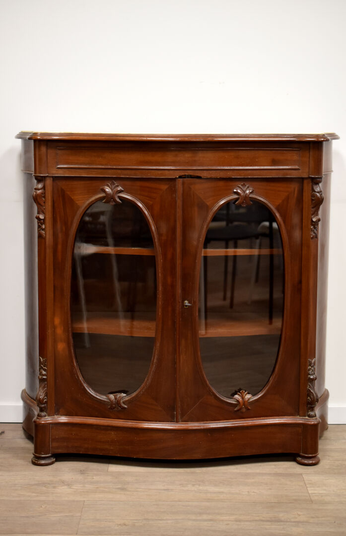 Lot n° 102 Adjugé : 90 € Meuble d’entre-deux à façade légèrement galbée en placage… Estimation : 70 / 120 €
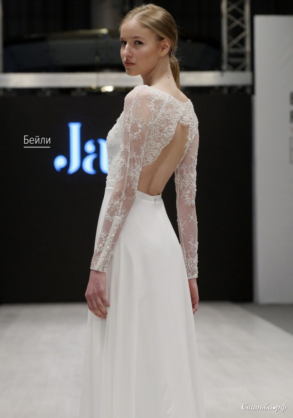 Элегантное платье с длинными кружевными рукавами. Изюминка платья - открытая спина
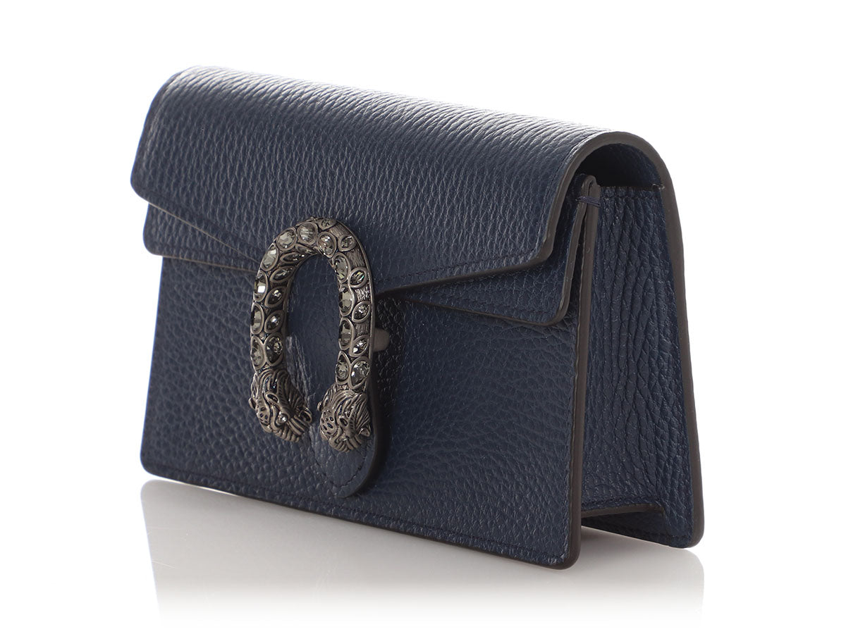Gucci’s Super Mini Navy Dionysus is an ultra-petite statement of luxury! Crafted from thick, grained dark blue leather with pewter hardware, it features a rhinestone-encrusted tiger head buckle on the front flap—a nod to the tiger-riding Greek god Dionysus. The detachable chain strap with a 23.25-inch drop offers crossbody or clutch styling, while the snap closure opens up to reveal a flapped pocket on the bag’s front face and a pocketless beige suede-lined interior with a handy clasp on a chain. Though small, it’s perfect for essentials like cards and lipstick. Brand new, it comes with a dustbag, box, and cards. It’s a mythological masterpiece in mini form!
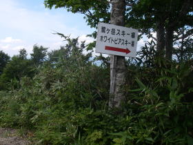 | 大きな道の終点にある鷲ヶ岳の登り口。ここからは20分ほどで山頂に着く。 |
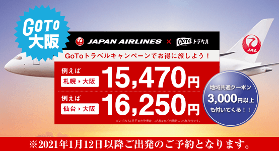 【GoToトラベル】日本航空で行く大阪!お得な航空券宿泊パック
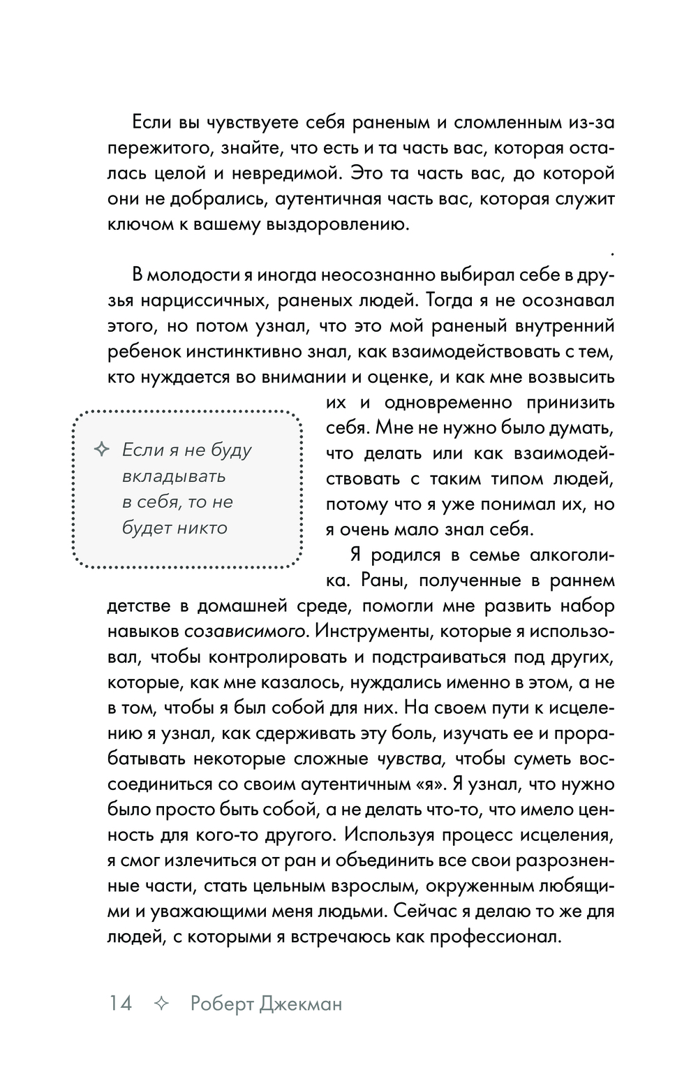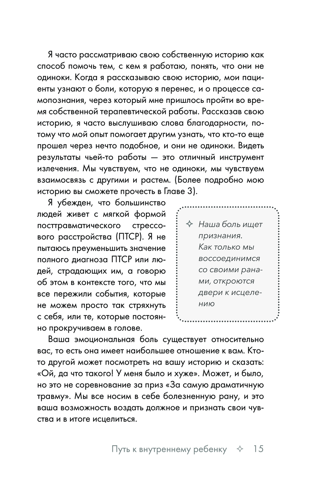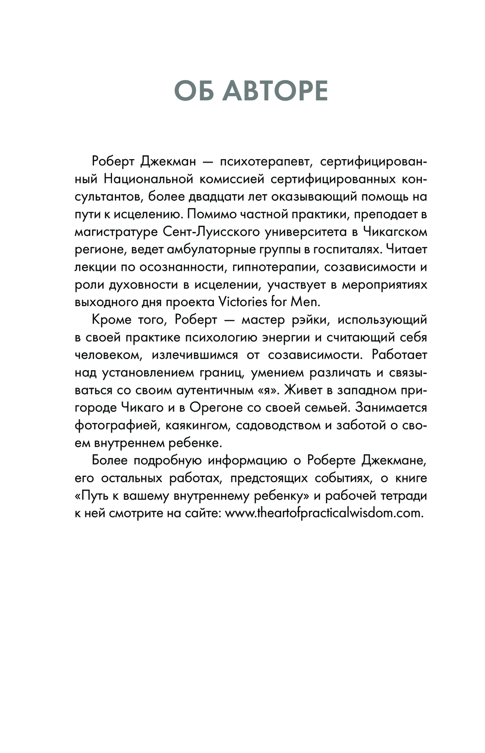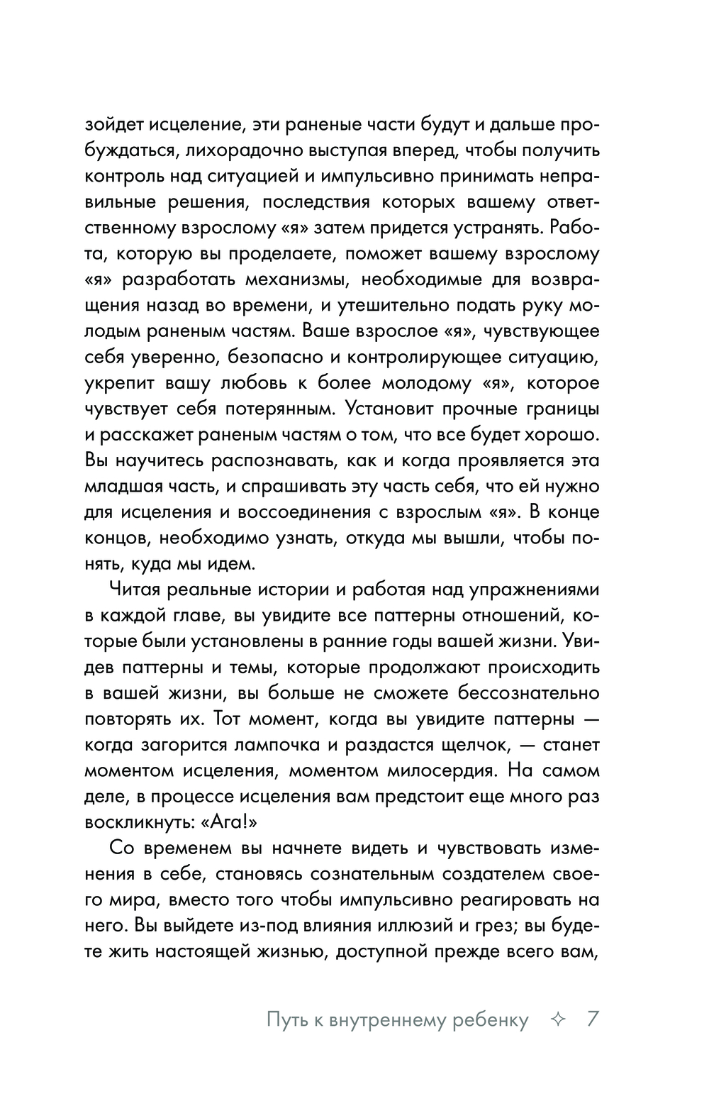 Помимо этого, вы прочтете истории людей, которые смогли справиться со своими детскими психологическими травмами, а также выполните упражнения, направленные на выявление и решение конкретных проблем.

### Assignment
Nothing but the lines from the beginning of the material through the line with "Элегантное платье с" should appear, printed exactly, with no pictures among them.

### Exercise result
 Lot n° 102 Adjugé : 90 € Meuble d’entre-deux à façade légèrement galbée en placage… Estimation : 70 / 120 €
 Элегантное платье с длинными кружевными рукавами. Изюминка платья - открытая спина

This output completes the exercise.